Unfortunately, in the past two attempts, he has been unable to convince the voter that he is more than his famous last name, caught as he is in a new culture that pits the “naamdars” against the “kaamdars“; the dynasts vs the meritocrats.


Also read: Discontent, dissent & defiance in Congress as Gandhi family begins to lose grip on party


Stuck between losing Congress & crowded BJP

Political analyst Radhika Ramaseshan is unimpressed by the former minister of state for telecommunications and IT. She says: “Milind Deora never struck me as a serious, far-sighted politician. Like many of his peers, he’s a legatee, the beneficiary of an inheritance that saw his parent, Murli Deora, through in more comfortable times for the Congress. He has several interests, music for one, that’s fair enough. But in the days of 24X7 politics, calling for single-minded devotion to its pursuit, I wonder if a career politician can have time for other passions.”

She also feels that he’s clearly unencumbered by ideologies because he didn’t think twice about endorsing the Modi government doing away with Article 370. “Had he read up the Congress’s history and the extensive debates preceding the introduction of 370, maybe he would have got a different perspective. It’s a choice that Milind and his peers will have to eventually make, whether to flow with the current stream or adhere to the Congress’s core beliefs,” she pointed out.

Indeed, the Congress has diluted its basic values, moving from secularism to soft Hindutva, and from being the party of the freedom struggle to allowing the BJP to claim the nationalist agenda. With a leadership mostly marked by its embarrassing waffling or its uninterested absence, the so-called Generation Next, now in their forties, are left without a compass.

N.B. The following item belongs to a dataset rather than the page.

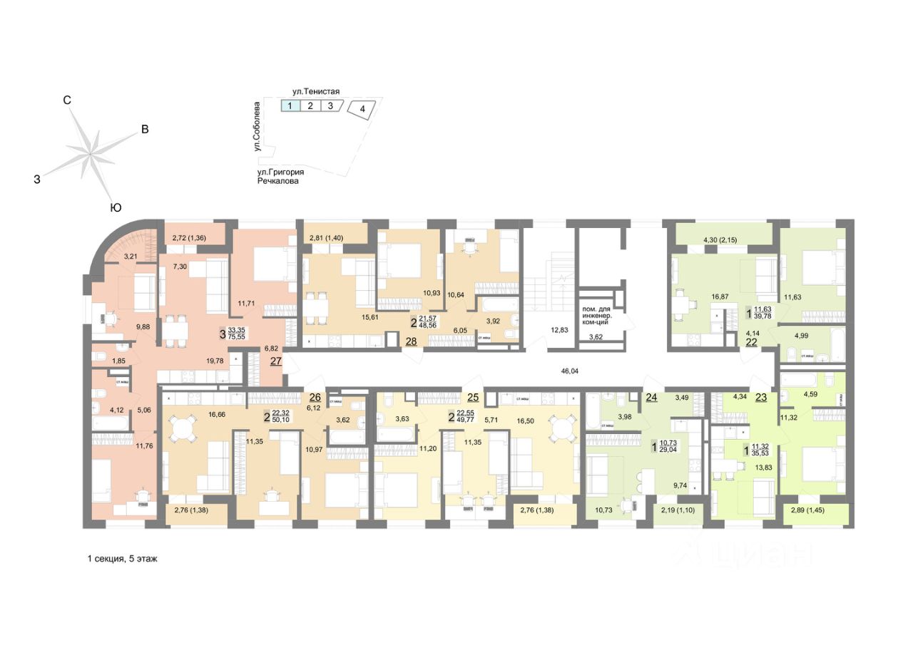 Семейный квартал "На Тенистой" будет состоять из 7 домов переменной этажности и паркинга. 1-я и 2-я очереди уже построены, сейчас активно возводится 3-я очередь и готовится к старту 4-ая очередь квартала. Квартал расположен на Широкой речке в самом молодом и современном районе - Академический, на пересечении улиц Тенистая-Краснолесья-Соболева. Вы сможете пользоваться преимуществами сразу нескольких районов: Широкая речка, Академический, Верх-Исетский и Юго-Западный! 30 минут до центра города на машине, 9 минут до Объездной дороги, если хочется выехать на природу. В шаговой доступности есть несколько школ, детских садов и спортивных секций. А еще один детский сад на 350 мест уже построен на территории самого квартала. Закрытый большой двор с ландшафтным дизайном Просторный двор, укрытый от городской суеты стенами домов, объединит все очереди жилого квартала "На Тенистой". К завершению строительства общая площадь двора составит впечатляющие 32 тыс. м², предоставляя достаточно места для отдыха и активности на любой вкус. Двор, разделят на рекреационные зоны по возрастам. Будут площадки для малышей и подростков с безопасным покрытием, зоны ворк-аута для предпочитающих здоровый образ жизни, прогулочные дорожки для бесед с друзьями или соседями. Живые зелёные изгороди, словно природная завеса, обеспечат чувство уединённости, защищая жителей первых этажей от посторонних взглядов. Уютный сад с плитняковыми тропинками, изящными перголами и удобными столиками для перекусов на свежем воздухе станет идеальным местом для тёплых семейных вечеров и дружеских встреч. Вдоль прогулочных дорожек установят невысокие уличные фонари, которые создадут атмосферу тепла и уюта. По всему периметру двора появится велодорожка, огибающая игровые зоны. Она станет любимым маршрутом для велосипедных прогулок. Игровые площадки покроют травмобезопасной резиновой крошкой нежных оттенков, подобранных специально для привлечения внимания детей. Разнообразие малых архитектурных форм порадует каждого ребёнка: карусели, качели-гнездышки, батуты, тарзанки и игровые комплексы обеспечат активный досуг и весёлое времяпровождение. Для начинающих футболистов разместится мини-футбольное поле с качественным искусственным газоном, расположенное таким образом, что шум и радость детских игр не потревожат ваш покой. Здесь ваши дети смогут организовывать настоящие турниры и приглашать друзей на матчи, наслаждаясь каждым моментом активного отдыха. Во дворе жилого комплекса "На Тенистой" каждый найдёт занятие по душе! Безопасность и комфорт Безопасность - важное преимущество эко-квартала. Вход на территорию осуществляется с помощью Face ID или через мобильное приложение. Для вашего удобства предусмотрено три выхода с подземного паркинга. На территории квартала будет круглосуточное видеонаблюдение, обеспечивающее безопасность вам и вашим маленьким исследователям в каждом уголке двора. Эстетика внутренних пространств Входные группы будут оформлены в соответствии с архитектурной концепцией всего квартала

NewsX anchor Priya Sahgal who has written about him in her book The Contenders: Who Will Lead India Tomorrow? (Simon and Schuster), said Milind Deora embodies the existential crisis of many younger leaders within the Congress. He is definitely at odds with the Old Guard’s outdated politics. But, as she noted, going to the BJP is not an option either. She added: “Himanta Biswa Sarma told me recently when he joined the BJP there was a vacuum in the northeast. There is no vacuum in the north or west that would accommodate a Deora or a Scindia or a Pilot. They would not enjoy the hallowed space they do or did in Rahul Gandhi’s Congress. So, they are really stuck between a party that is losing its relevance and a party where they would have no relevance.”

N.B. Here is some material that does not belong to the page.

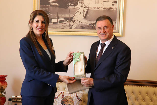 Kuzey Kıbrıs Türk Cumhuriyeti (KKTC) Mersin Başkonsolosu Zalihe Mendeli, Hatay Büyükşehir Belediye Başkanı Doç. Dr. Lütfü Savaş’ı makamında ziyaret etti. Hatay’daki ziyaretlerinde kendini hiçbir zaman yabancı gibi hissetmediğini belirten Mendeli, “Hatay, bizim için apayrıdır. Birçok Hataylı vatandaşımız ülkemizde yaşıyor. Artık Hataylılar ile iç içe yaşıyoruz ve ayrılmaz bir bütün olduk. Ülkemizle ilgili sosyal, kültürel ve ekonomi gibi alanlardaki projelerin hayata geçirilmesi için somut adımların atılması lazım. Tabi ki sizlerin bu konuda çok önemli adımlarınız var. EXPO 2021’de bizler de yer alacağız” dedi.

Also read: In politics, age is just a number. Even if it is ‘young’ Rahul Gandhi’s


She was not too surprised with Milind’s recent comments or what is being seen an outreach to the BJP, whether it is his stand on Article 370 or Modi’s US trips. “He may be the last standing Nice Guy in politics, one who weighs his conscience and beliefs instead of blindly following party handouts. I recall an interview Milind gave me right before the 2017 Uttar Pradesh Assembly elections, he was the first to say the Congress needed a credible narrative of its own instead of merely criticising the Modi government. As he said: ‘Simply expecting people to vote for a party because they are disillusioned with the incumbent is not enough.’ This is a line that was later picked up by others within the Congress.”

Unfortunately for them, such is the stranglehold of one family over the party, that they are never included in the names that come up as credible alternatives.

But nothing can be ruled out in politics, so it is no surprise that Kripashankar Singh, who quit the Congress recently, speaks approvingly of Milind Deora. “His experience in various fields can be a good contribution to the nation, party and people. He’s the kind of leader the youth are looking for,” he told ThePrint.

Ah, but in which party?

The author is a senior journalist. Views are personal.